As I have said before, we like to tackle any request. It doesn’t make a difference if we have played it before or not. It doesn’t make a difference if we can even sing it. The joy of our event is that we don’t back down from it. This past Wednesday someone requested this song from Prince. To be truthful, vocally this song is in a very high range and it is extremely difficult to sing (especially while playing), but I don’t care. On this song we featured our guitarist Christopher Odom and our keyboardist Stan Brisbon. On top of this we had a lot of fun just playing this tune. I never consider myself to be a singer, but I will tackle tunes vocally because we don’t have anyone else who knows the songs. I will play the bass line to any song imaginable and that is why taking requests is so magical for me. I hope you enjoy the tune. Thank you so much for checking out my Daily Thought and as always I wish you the very best that life has to offer.

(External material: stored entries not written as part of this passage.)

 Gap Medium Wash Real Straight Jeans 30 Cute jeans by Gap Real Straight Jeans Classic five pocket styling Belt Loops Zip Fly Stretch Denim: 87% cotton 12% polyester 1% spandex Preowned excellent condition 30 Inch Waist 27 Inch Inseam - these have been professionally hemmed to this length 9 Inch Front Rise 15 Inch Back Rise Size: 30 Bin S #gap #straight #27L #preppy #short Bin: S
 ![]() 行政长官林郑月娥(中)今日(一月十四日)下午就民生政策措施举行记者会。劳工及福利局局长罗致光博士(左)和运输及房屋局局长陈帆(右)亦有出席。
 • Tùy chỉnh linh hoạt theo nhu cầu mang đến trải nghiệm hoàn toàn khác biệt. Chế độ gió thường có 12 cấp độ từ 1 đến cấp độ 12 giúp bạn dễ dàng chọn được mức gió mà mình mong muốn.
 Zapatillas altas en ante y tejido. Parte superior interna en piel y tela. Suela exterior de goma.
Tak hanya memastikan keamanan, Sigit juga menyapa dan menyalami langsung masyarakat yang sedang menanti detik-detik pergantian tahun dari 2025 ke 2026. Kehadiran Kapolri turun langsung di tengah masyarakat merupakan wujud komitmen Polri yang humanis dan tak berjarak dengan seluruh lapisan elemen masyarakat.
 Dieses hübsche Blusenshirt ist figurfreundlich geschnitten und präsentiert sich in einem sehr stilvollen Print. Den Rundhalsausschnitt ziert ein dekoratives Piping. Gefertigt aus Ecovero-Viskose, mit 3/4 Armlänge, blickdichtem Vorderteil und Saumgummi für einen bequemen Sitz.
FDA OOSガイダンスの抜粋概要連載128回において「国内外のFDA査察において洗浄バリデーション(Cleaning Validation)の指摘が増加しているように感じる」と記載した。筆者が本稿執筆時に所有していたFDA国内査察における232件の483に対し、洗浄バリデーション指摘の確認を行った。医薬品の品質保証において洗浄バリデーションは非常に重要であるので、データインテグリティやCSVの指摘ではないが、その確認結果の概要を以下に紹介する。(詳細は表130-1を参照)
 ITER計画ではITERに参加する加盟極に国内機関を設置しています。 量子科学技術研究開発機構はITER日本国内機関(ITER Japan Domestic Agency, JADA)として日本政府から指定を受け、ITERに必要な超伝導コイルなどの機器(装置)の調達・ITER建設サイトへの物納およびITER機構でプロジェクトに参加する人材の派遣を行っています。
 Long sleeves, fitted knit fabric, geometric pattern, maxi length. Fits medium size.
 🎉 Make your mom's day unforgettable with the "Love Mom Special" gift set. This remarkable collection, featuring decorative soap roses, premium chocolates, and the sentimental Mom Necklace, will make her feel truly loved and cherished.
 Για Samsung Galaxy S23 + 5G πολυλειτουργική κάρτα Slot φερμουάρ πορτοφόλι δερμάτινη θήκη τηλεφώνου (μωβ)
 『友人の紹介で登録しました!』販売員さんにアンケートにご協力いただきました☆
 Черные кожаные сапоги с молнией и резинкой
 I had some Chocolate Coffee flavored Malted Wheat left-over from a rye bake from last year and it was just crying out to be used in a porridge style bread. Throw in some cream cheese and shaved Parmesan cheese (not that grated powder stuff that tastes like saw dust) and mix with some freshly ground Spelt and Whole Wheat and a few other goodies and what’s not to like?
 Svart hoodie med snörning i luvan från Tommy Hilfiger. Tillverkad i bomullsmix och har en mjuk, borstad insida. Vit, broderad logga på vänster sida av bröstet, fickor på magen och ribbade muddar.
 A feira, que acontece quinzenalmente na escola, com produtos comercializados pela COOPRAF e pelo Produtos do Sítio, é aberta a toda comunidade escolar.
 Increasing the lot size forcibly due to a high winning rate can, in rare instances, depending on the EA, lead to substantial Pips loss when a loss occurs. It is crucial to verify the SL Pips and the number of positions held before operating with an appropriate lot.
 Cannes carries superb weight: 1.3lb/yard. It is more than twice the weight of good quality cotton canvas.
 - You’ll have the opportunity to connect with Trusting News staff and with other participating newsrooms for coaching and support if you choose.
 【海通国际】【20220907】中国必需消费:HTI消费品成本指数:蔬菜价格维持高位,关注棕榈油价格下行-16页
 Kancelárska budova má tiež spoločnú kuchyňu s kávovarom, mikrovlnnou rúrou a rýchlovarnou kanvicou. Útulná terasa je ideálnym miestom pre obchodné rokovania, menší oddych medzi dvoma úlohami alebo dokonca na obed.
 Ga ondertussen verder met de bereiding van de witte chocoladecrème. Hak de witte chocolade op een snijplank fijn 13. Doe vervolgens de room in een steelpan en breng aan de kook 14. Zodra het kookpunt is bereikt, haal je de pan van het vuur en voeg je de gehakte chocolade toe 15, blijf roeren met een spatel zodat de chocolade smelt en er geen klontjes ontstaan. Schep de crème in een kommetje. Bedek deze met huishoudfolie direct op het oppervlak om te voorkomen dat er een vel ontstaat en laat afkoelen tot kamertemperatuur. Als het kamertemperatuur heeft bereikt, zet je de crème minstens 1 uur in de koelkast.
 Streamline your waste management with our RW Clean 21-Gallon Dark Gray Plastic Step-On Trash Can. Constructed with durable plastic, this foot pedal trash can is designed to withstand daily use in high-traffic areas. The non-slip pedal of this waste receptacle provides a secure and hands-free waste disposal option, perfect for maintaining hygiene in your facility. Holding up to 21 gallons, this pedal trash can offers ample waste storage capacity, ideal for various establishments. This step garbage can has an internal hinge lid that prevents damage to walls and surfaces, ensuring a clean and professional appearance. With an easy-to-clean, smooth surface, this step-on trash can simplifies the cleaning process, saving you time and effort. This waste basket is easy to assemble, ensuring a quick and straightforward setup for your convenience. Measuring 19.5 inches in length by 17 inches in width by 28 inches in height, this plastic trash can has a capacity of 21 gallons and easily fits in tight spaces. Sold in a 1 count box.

I am an avid advocate for live music. The impact it can have on our lives is monumental. A case in point is this video. Can you imagine the energy you would have felt from being there? If live music is to survive, then it needs our support. Don’t let them take it away from us. Musicians need to play, and singers need to sing. This pretending stuff may save some people money, but it won’t satisfy those who truly love a live concert. Thank you for checking out my Daily Thought and as always I wish you the very best that life has to offer.